DATA IN THIS EXERCISE:
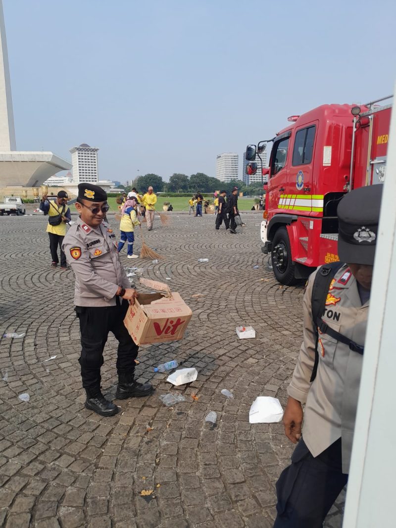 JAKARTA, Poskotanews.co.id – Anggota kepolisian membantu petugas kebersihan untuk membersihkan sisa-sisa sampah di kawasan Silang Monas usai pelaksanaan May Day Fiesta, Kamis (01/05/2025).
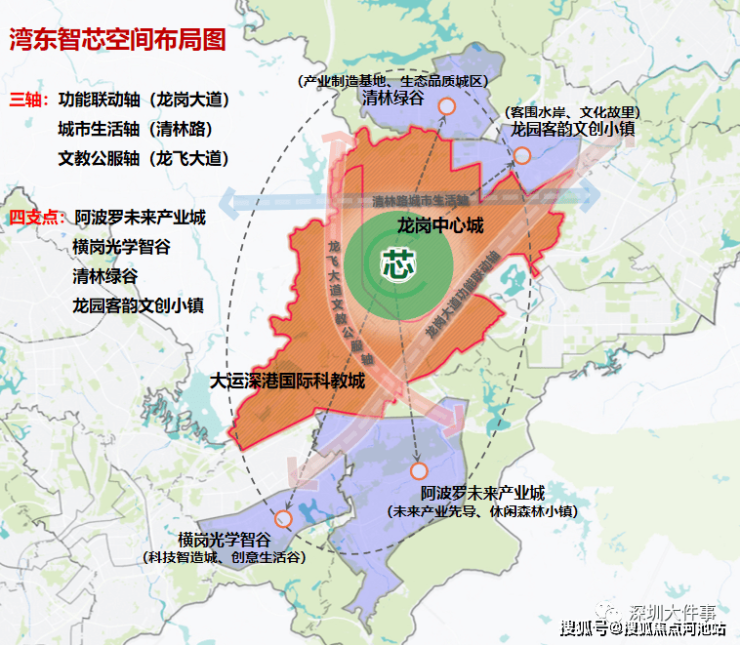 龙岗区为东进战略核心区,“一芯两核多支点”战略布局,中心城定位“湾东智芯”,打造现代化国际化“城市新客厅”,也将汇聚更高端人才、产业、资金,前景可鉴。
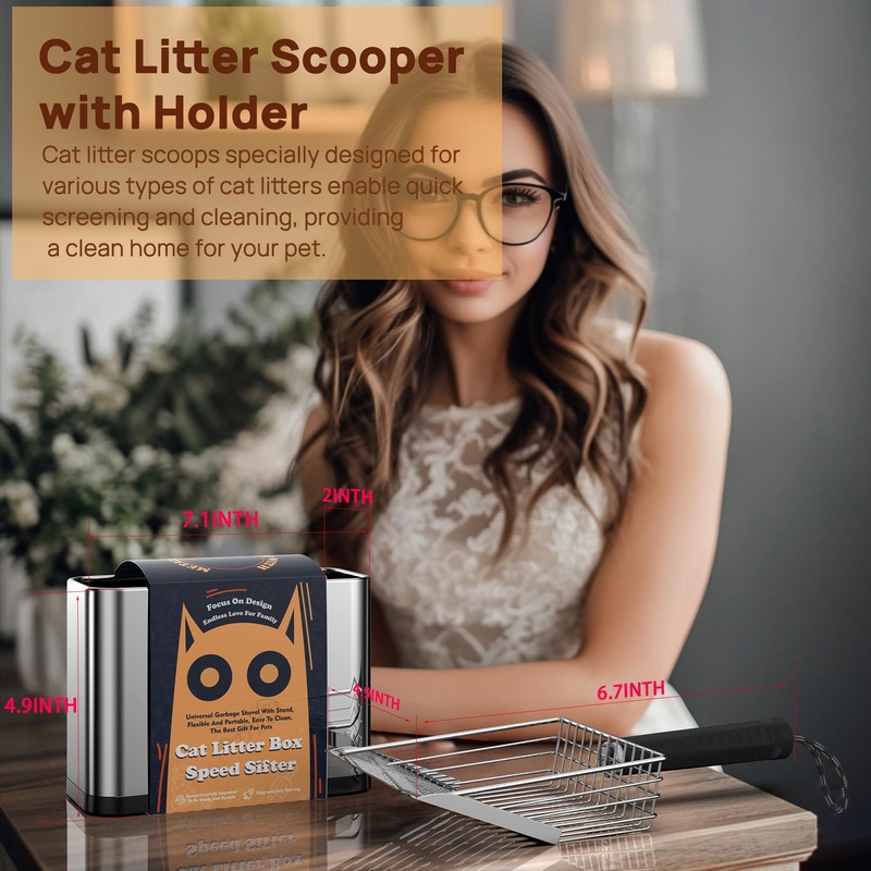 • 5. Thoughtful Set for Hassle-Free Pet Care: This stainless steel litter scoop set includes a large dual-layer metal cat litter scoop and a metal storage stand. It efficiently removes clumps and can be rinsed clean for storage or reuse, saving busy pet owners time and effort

--

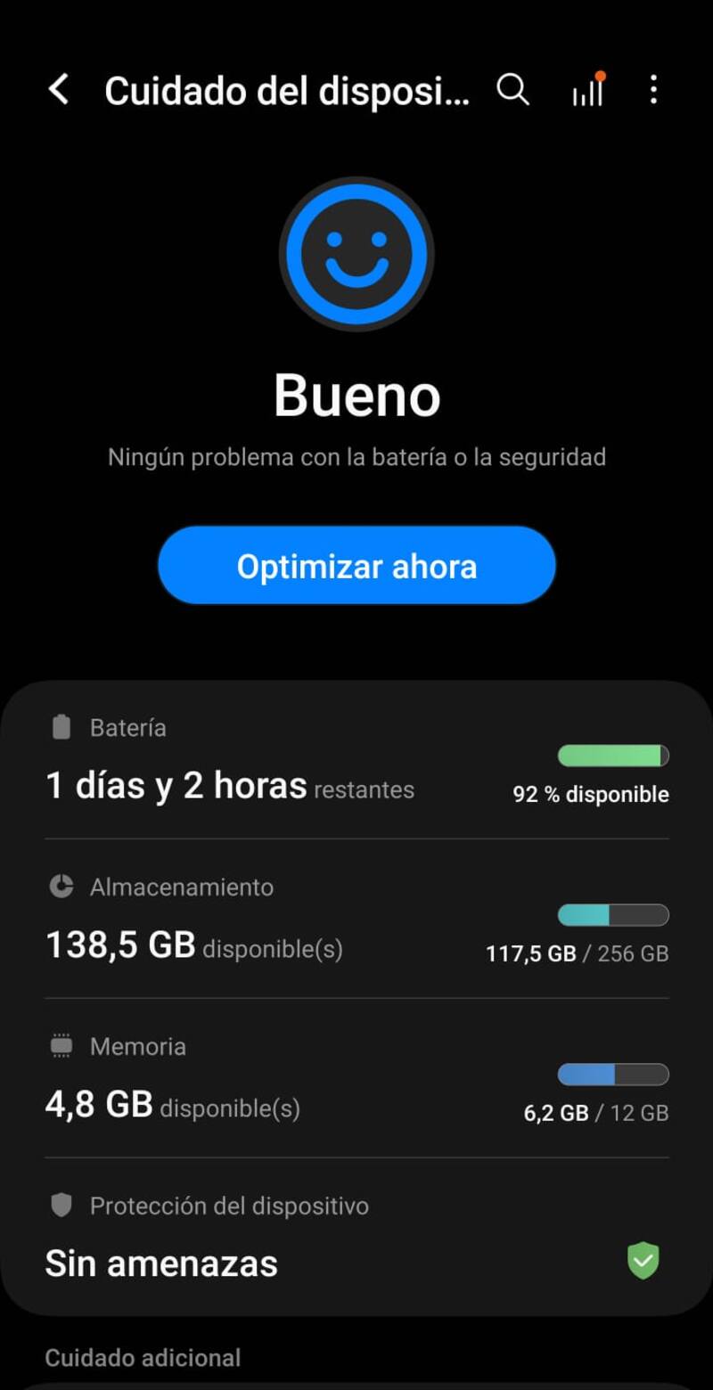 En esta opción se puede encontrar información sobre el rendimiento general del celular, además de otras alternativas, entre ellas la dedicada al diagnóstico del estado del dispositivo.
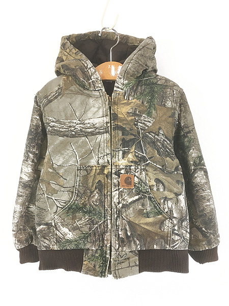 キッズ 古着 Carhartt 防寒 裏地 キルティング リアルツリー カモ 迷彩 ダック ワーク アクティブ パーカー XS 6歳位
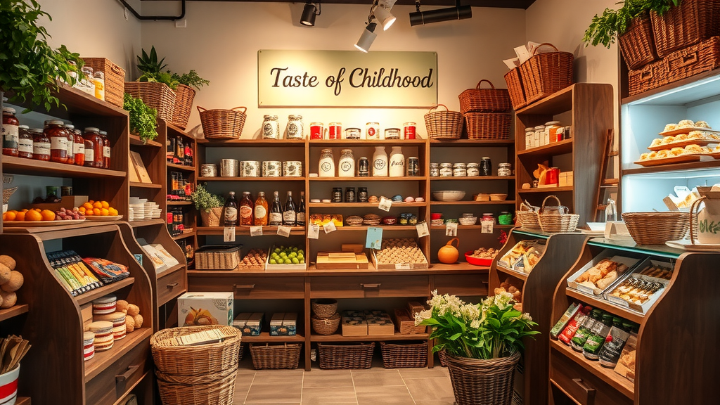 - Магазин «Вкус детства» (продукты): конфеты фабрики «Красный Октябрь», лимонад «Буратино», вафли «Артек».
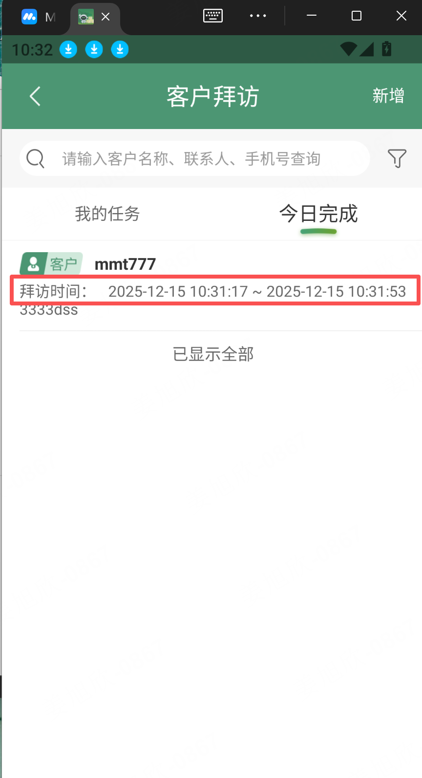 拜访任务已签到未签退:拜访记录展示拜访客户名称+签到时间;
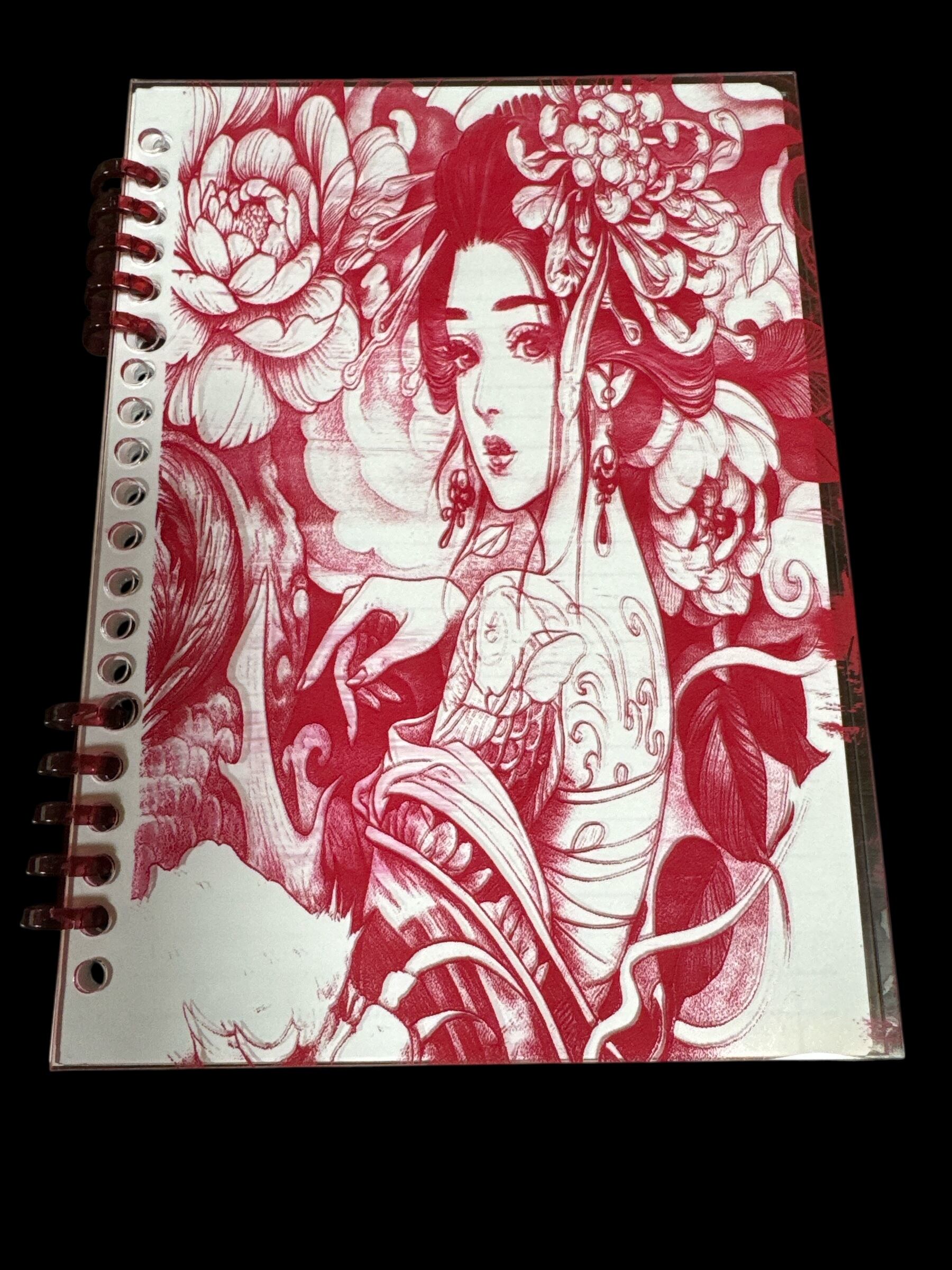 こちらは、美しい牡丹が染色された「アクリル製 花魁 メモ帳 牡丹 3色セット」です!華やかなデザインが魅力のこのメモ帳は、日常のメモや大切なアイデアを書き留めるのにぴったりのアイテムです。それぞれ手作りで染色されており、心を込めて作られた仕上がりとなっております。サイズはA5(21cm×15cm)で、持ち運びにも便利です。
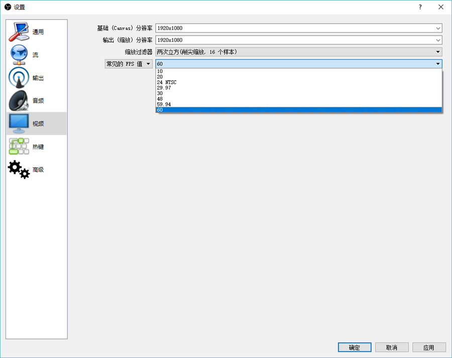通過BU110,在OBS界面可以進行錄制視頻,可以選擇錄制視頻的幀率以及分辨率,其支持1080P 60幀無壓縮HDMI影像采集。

HOW TO COMPLETE THIS TASK:
Copy exactly the lines of the listing above between the one holding "キッズ 古着 Carhartt" and the one holding "通過BU110,在OBS界面", inclusive; omit all pictures.

TASK OUTPUT:
 キッズ 古着 Carhartt 防寒 裏地 キルティング リアルツリー カモ 迷彩 ダック ワーク アクティブ パーカー XS 6歳位
 - Магазин «Вкус детства» (продукты): конфеты фабрики «Красный Октябрь», лимонад «Буратино», вафли «Артек».
 拜访任务已签到未签退:拜访记录展示拜访客户名称+签到时间;
 こちらは、美しい牡丹が染色された「アクリル製 花魁 メモ帳 牡丹 3色セット」です!華やかなデザインが魅力のこのメモ帳は、日常のメモや大切なアイデアを書き留めるのにぴったりのアイテムです。それぞれ手作りで染色されており、心を込めて作られた仕上がりとなっております。サイズはA5(21cm×15cm)で、持ち運びにも便利です。
通過BU110,在OBS界面可以進行錄制視頻,可以選擇錄制視頻的幀率以及分辨率,其支持1080P 60幀無壓縮HDMI影像采集。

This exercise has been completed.